** ACTION ITEM **
In the data below, how many lines include the string "with"? Give only the number.

** Records from a data source **
Content starts

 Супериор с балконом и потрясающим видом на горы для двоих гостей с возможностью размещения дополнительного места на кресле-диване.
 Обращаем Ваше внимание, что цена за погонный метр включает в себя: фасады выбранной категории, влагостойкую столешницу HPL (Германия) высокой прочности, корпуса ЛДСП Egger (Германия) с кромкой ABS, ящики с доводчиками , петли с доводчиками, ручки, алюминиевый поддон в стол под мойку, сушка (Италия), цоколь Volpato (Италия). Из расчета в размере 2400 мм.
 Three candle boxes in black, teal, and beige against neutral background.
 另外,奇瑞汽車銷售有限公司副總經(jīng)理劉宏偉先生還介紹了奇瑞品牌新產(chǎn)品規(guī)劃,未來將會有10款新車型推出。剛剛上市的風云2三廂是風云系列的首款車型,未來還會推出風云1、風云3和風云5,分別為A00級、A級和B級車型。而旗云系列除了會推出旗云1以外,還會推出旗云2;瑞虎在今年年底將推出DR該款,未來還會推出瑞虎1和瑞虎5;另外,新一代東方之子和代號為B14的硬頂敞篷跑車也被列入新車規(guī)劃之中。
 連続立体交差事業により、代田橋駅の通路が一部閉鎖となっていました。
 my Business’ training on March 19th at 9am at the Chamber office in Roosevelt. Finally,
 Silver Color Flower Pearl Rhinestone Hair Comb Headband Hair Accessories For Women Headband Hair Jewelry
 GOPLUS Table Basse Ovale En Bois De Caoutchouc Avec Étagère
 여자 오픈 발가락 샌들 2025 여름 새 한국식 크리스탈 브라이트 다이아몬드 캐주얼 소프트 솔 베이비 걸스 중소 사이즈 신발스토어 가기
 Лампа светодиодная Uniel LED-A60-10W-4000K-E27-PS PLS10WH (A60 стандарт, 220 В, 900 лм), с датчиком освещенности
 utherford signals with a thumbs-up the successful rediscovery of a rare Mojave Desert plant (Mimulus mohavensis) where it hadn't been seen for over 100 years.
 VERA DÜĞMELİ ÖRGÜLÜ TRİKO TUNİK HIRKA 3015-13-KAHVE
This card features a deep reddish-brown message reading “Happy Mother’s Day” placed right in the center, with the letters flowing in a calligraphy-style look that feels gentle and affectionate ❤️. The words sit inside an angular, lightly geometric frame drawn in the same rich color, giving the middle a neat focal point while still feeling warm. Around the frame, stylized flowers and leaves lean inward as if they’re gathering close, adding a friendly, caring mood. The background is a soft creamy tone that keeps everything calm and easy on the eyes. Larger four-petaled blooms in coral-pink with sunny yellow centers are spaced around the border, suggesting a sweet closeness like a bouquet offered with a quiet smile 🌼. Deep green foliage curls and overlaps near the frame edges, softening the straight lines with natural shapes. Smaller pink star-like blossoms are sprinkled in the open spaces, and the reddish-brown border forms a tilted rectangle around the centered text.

Content ends

** WORKED SOLUTION **
2